Unfortunately, the first version of VB.NET lacked many of the features that made programming easy under VB6. It was a clean, logical, powerful language, but many programmers thought that it ignored the requirement for ease of programming in favour of a rigid adherence to principles. The latest version of VB, Visual Basic 2005, has added many of the features that were missing from the first .NET version, and in many ways it is more deserving of the name VB8.

After conversion you may find some lines commented out awaiting your attention

It may well be that VB 2005 is beginning to look more like a true descendent of VB6, rather than C# with a modified syntax, but this doesn’t make it backward compatible. You still have to put some work into converting VB6 programs, and the question is – is this work worth it? It depends on how you go about it. There is an upgrade wizard that will examine your code and report back what can and cannot be converted automatically to .NET. In practice this can vary from 20% to 80% of automatic conversion, depending on the features that the VB6 application makes use of and how well it was written in the first place. It is certainly true that mapping messy code onto clean object-oriented VB 2005 is more difficult than migrating well-constructed code.

It is sometimes suggested that the best way to deal with the problem code is to recode it in VB6 and try the automatic conversion again. My personal view is that this is not the best or most efficient thing to do. Instead, learn VB 2005 and the .NET Framework, and do all your new work on this side of the fence. It has the advantage of allowing you direct optimisation of expression in the target language. You will also “know” the translated code so much better.

The great majority of the code that cannot be automatically converted is relatively trivial to do manually. In fact, after you have spent some time converting a large program you can’t help but wonder why more of the task, graphics in particular, couldn’t have been automated. Of course when you examine what you are doing more carefully you usually discover that you are making choices about how to convert the VB6 instructions. It is a shame that problems with upgrading graphics aren’t directly addressed in VB 2005, since having to master the GDI+ as a way of creating simple shapes, while not difficult, can be needlessly off-putting to the beginner. There are no equivalents of the VB6 shape controls, but there seems to be little reason why not.

Conversion report
Consulting the conversion report is vital in understanding any difficulties

There are some important improvements to upgrading in VB 2005. You can now upgrade applications that use MTS and COM+ components. There are also some new .NET classes that allow VB6 controls to be upgraded mostly without change. The WebBrowser control is particularly welcome, as this was a feature of VB6 that encouraged designers to host web content within their application, and its absence in VB.NET made it difficult to convert such applications. Of more general interest is the availability of components roughly equivalent to the ToolBar, ImageList, TreeView, ListView, RichTextBox, ProgressBar, StatusBar, CommonDialog and MaskedTextBox. Why weren’t these well-used components in the previous version? I suppose the answer has to be that there is only so much you can do at a time.

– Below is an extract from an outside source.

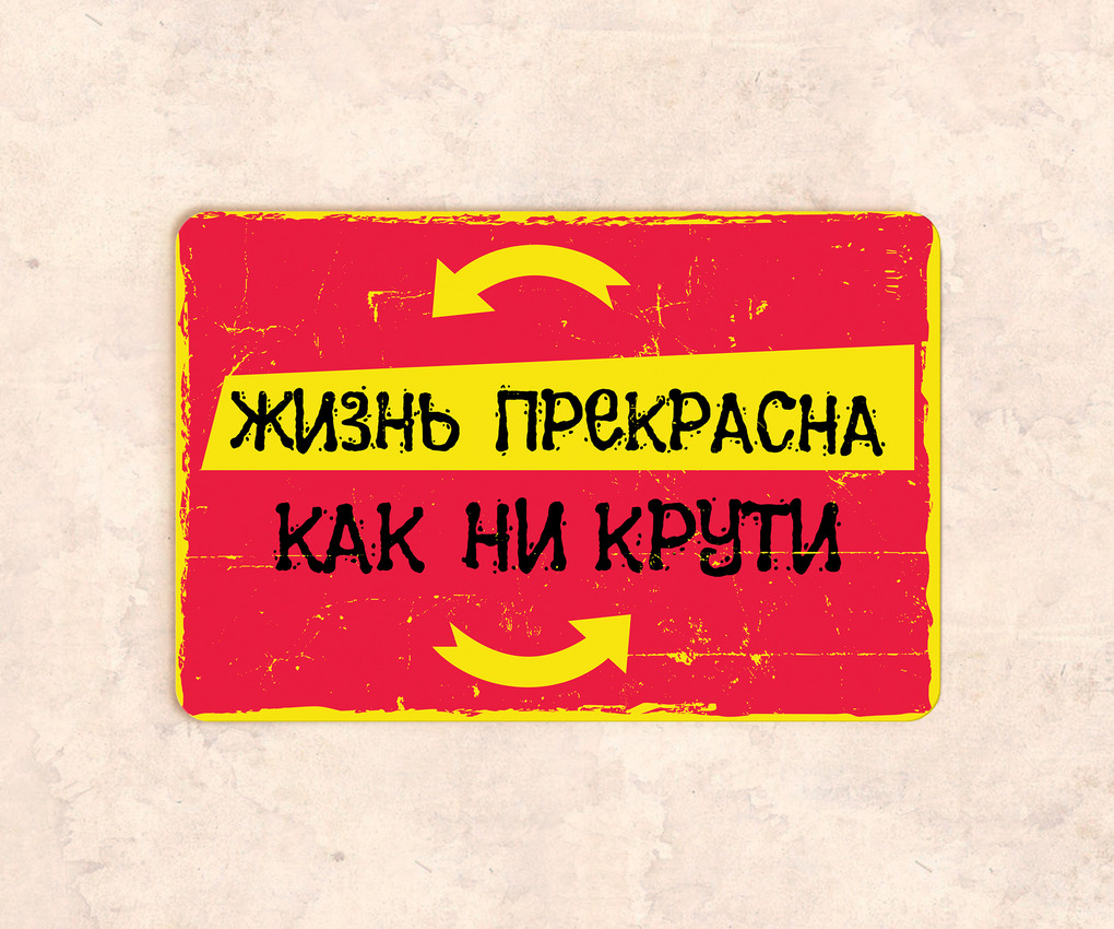 Табличка «Жизнь прекрасна как ни крути» изготовлена из пластика ПВХ, толщиной 4 мм. Изображение наносится по технологии УФ-печати. Табличка предназначена для использования как в помещении, так и на улице.

As well as these additional components, the most significant simplification in upgrading has been brought about by the My objects. These are a collection of ready-to-use objects which implement many of the VB6 built-in objects that were missing until now. For example, the App object can now be upgraded to the My.Application object, the Clipboard object to the My.Computer.Clipboard object and the LoadResString., LoadResData, LoadResPicture functions map directly to the corresponding methods of the My.Resources object.

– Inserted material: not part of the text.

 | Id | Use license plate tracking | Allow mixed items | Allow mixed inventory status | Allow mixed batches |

The introduction of objects, i.e. classes that are automatically instanced when you reference their name, is a big change in VB 2005. As well as the My objects, the VB6 way of treating forms as objects has returned. One of the confusing things in VB6 was that a form that you had created, e.g. Form1, was both an object you could use and a class that you could use to create additional instances of the type. You can now do this in VB 2005 if you want to, and let the compiler create an instance of the Form1 class behind the scenes. Of course if you are a purist you will want to modify this code so that Form1 is a class that instantiates to an object before you use it.

Existing VB6 forms are also upgraded to use the new partial type implementation. This splits the form definition into two files – one for the Designer to use for its automatically generated code, and one for the programmer to customise. This again simplifies upgrading, because there are no generated lines of code in the part of the form definition you are working with.

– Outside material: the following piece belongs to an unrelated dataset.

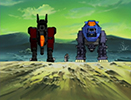 - Krueger was originally intended to pilot the Gojulas. However, it's strongly inferred that he may have wanted Irvine to pilot it instead. Neither of them got the chance, as Rob Hermann arrived (having flown dangerously over enemy lines against anyone's better judgement). He fully intended, and in the end did pilot the Gojulas, disregarding any respect for Krueger by claiming he was too old to do so and finding Irvine's plea to pilot it to be laughable. Ironically, he topples the Gojulas the second it steps off the platform.

There are a great many smaller or more technical upgrading features which all go towards helping smooth the upgrade path. However, the bottom line is that upgrading still isn’t automatic. You are going to have to put some time and effort into a conversion project. It is always depressing to have to spend programming hours on a new version of an application which doesn’t offer anything new to the user, but in this case I think it’s essential. The time spent on the conversion will be much less than starting from scratch, and the resulting migrated application will have a future. If you do the job right and use the conversion as hands-on training in VB 2005 techniques, then the new version should be easier to develop in the future.

There is no question that the .NET environment is more productive overall than VB6, which offered an initial acceleration to a project rather than a sustained productivity. Avoid the trap of trying to return to VB6 to fix a problem, and certainly don’t implement your own VB 2005 solutions starting from scratch. The .NET framework classes now represent a huge resource within which you should be able to find what you need. If it isn’t exactly right, then derive your own class from it and customise – make object orientation work for you.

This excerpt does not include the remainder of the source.